* **Task details**:
Each entry that follows should be given again word for word; please leave out its pictures.

Source data:
..............................

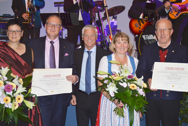 Bayerns Zimmererpräsident Peter Aicher (Mitte) zeichnete Alexander Gumpp (2. v.l.) und Peter Loy (rechts) für ihre Verdienste um den Holzbau aus. Ihre Frauen erhielten Blumensträuße.
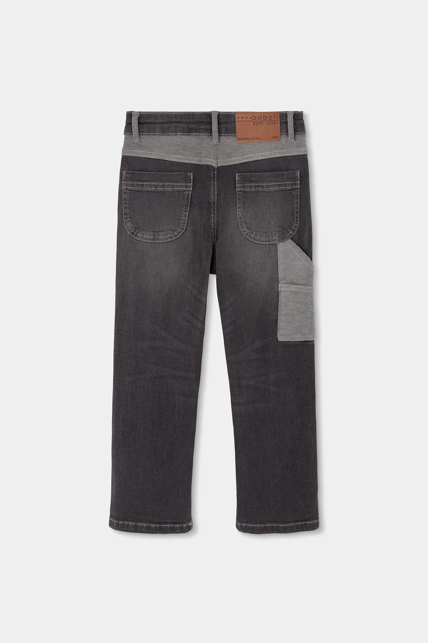 Pantalón denim gris para niño, ideal para un look casual y moderno. Confeccionado en un material resistente y cómodo, es perfecto para el uso diario. Su diseño liso y versátil permite combinarlo fácilmente con diferentes prendas. Disponible en tallas desde 2 años hasta 14 años, se adapta a diversas edades y etapas de crecimiento. Destaca su corte clásico de cinco bolsillos, ofreciendo funcionalidad y estilo a partes iguales, mientras que su color gris lo convierte en una opción práctica para cualquier ocasión.
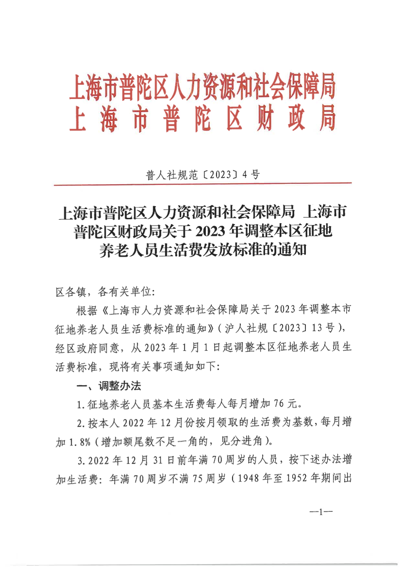上海市普陀区人力资源和社会保障局 上海市普陀区财政局关于2023年调整本区征地养老人员生活费发放标准的通知
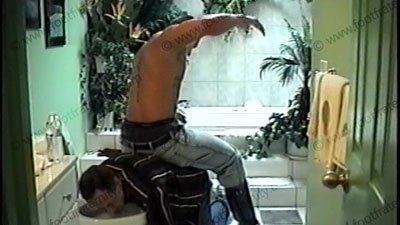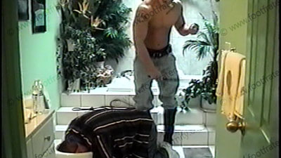In jeans & black leather harness boots, no shirt, perfect body Master Apollo has his slave cleaning his toilet after you see him taking a piss in it. He uses his booted foot to push slave’s face in the toilet while paddling & whipping him. (Two views of the “toilet” scene in this Part A) His slave bitch is at his mercy to be paddled & whipped. He uses a belt, riding crop, barber strap, paddle, cat-o-nine tails & bare hand on the slave’s butt. Slave uses his toothbrush to clean the toilet while being paddled. He gives orders, commands, teases & controls while really giving a strong whipping his foot slave. He uses all his power to wallop the whipping on his sissy slave’s butt from all positions & from many sensational film angles (part one of this DVD and part two on film #5312). Makes slave sniff & kiss his sweaty butt & arm pits. MUCH swatting & teasing, spitting, butt sniffing & kissing, puts him on a leash & much as he pulls the slave down to the work out dungeon. He smokes & ashes in slave’s mouth. Puts the cigarettes out on the slave’s tongues. Master Apollo’s boots remain on during all of the film. He humiliates, dominates and teases his whipping slave while commanding, taking out all his aggression with his power. He sits on slave, wallops & whips his ass! Armpit licking, bitch slapping & more. Master Apollo, his powerful body & his size 13’s RULE. Along with his powerful arms and body that give the strongest paddling & whipping to take out his aggression. It’s many hours of paddling!
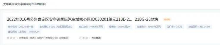 2022年6月1日,大华以40.4978亿元竞得嘉定区安亭镇国际汽车城核心区JD030201单元21BE-21、21BG-25地块【即大华梧桐樾】,成交楼板价1.9万元/㎡,地块 房地联动价4.2万元/㎡。就在昔日红盘万科西郊都会的隔壁!
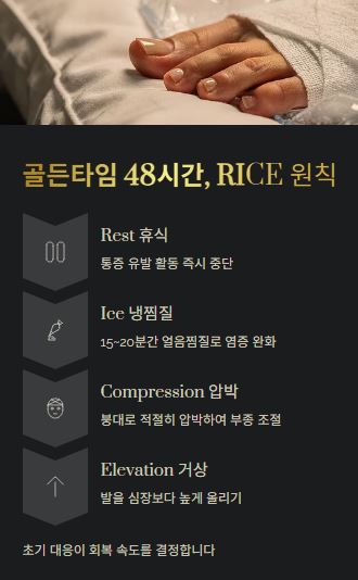 증상이 나타난 초기 48시간 내의 대응이 회복 속도를 결정합니다. 가장 기본이 되는 RICE 원칙을 기억하세요.
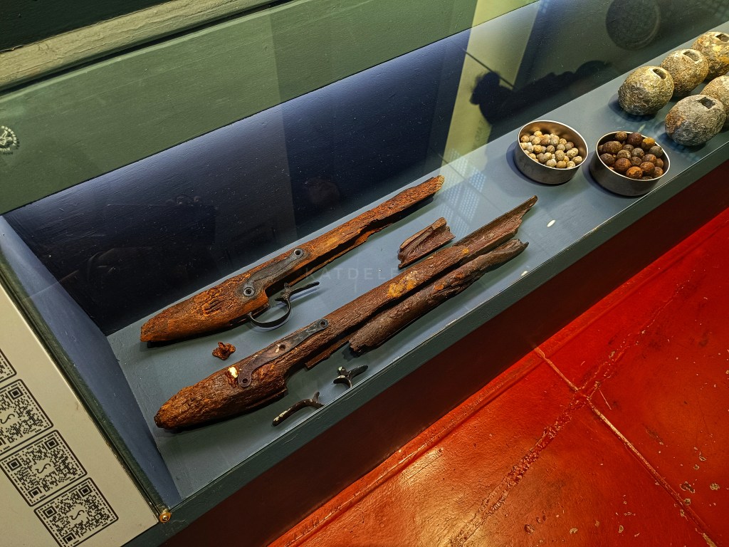 What fascinated me at Gallery three were the recovered artifacts discovered at the site where the galleon San Diego sunk. The ship was actually a trading ship docked in Cavite for reconditioning and repair, that was hastily turned into a warship by the Spanish Navy when the Dutch threatened to invade Manila. And because the cannons were too heavy for the ship, the water reached the cannon portholes which caused the ship to sink.
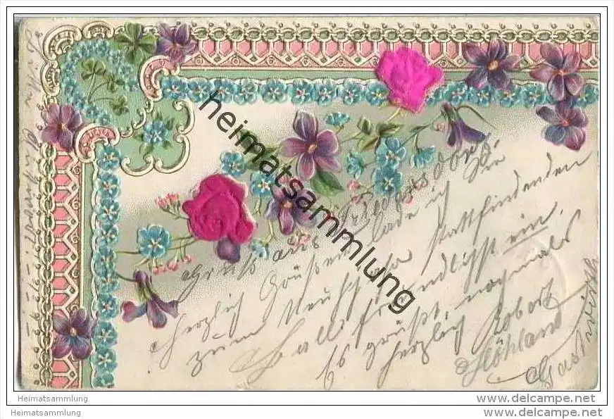 Blumen - Rosen - Prägedruck - leichte Gebrauchsspuren (G24809) gel. 1902

..............................

* **Written solution**:
 Bayerns Zimmererpräsident Peter Aicher (Mitte) zeichnete Alexander Gumpp (2. v.l.) und Peter Loy (rechts) für ihre Verdienste um den Holzbau aus. Ihre Frauen erhielten Blumensträuße.
 Pantalón denim gris para niño, ideal para un look casual y moderno. Confeccionado en un material resistente y cómodo, es perfecto para el uso diario. Su diseño liso y versátil permite combinarlo fácilmente con diferentes prendas. Disponible en tallas desde 2 años hasta 14 años, se adapta a diversas edades y etapas de crecimiento. Destaca su corte clásico de cinco bolsillos, ofreciendo funcionalidad y estilo a partes iguales, mientras que su color gris lo convierte en una opción práctica para cualquier ocasión.
上海市普陀区人力资源和社会保障局 上海市普陀区财政局关于2023年调整本区征地养老人员生活费发放标准的通知
In jeans & black leather harness boots, no shirt, perfect body Master Apollo has his slave cleaning his toilet after you see him taking a piss in it. He uses his booted foot to push slave’s face in the toilet while paddling & whipping him. (Two views of the “toilet” scene in this Part A) His slave bitch is at his mercy to be paddled & whipped. He uses a belt, riding crop, barber strap, paddle, cat-o-nine tails & bare hand on the slave’s butt. Slave uses his toothbrush to clean the toilet while being paddled. He gives orders, commands, teases & controls while really giving a strong whipping his foot slave. He uses all his power to wallop the whipping on his sissy slave’s butt from all positions & from many sensational film angles (part one of this DVD and part two on film #5312). Makes slave sniff & kiss his sweaty butt & arm pits. MUCH swatting & teasing, spitting, butt sniffing & kissing, puts him on a leash & much as he pulls the slave down to the work out dungeon. He smokes & ashes in slave’s mouth. Puts the cigarettes out on the slave’s tongues. Master Apollo’s boots remain on during all of the film. He humiliates, dominates and teases his whipping slave while commanding, taking out all his aggression with his power. He sits on slave, wallops & whips his ass! Armpit licking, bitch slapping & more. Master Apollo, his powerful body & his size 13’s RULE. Along with his powerful arms and body that give the strongest paddling & whipping to take out his aggression. It’s many hours of paddling!
 2022年6月1日,大华以40.4978亿元竞得嘉定区安亭镇国际汽车城核心区JD030201单元21BE-21、21BG-25地块【即大华梧桐樾】,成交楼板价1.9万元/㎡,地块 房地联动价4.2万元/㎡。就在昔日红盘万科西郊都会的隔壁!
 증상이 나타난 초기 48시간 내의 대응이 회복 속도를 결정합니다. 가장 기본이 되는 RICE 원칙을 기억하세요.
 What fascinated me at Gallery three were the recovered artifacts discovered at the site where the galleon San Diego sunk. The ship was actually a trading ship docked in Cavite for reconditioning and repair, that was hastily turned into a warship by the Spanish Navy when the Dutch threatened to invade Manila. And because the cannons were too heavy for the ship, the water reached the cannon portholes which caused the ship to sink.
 Blumen - Rosen - Prägedruck - leichte Gebrauchsspuren (G24809) gel. 1902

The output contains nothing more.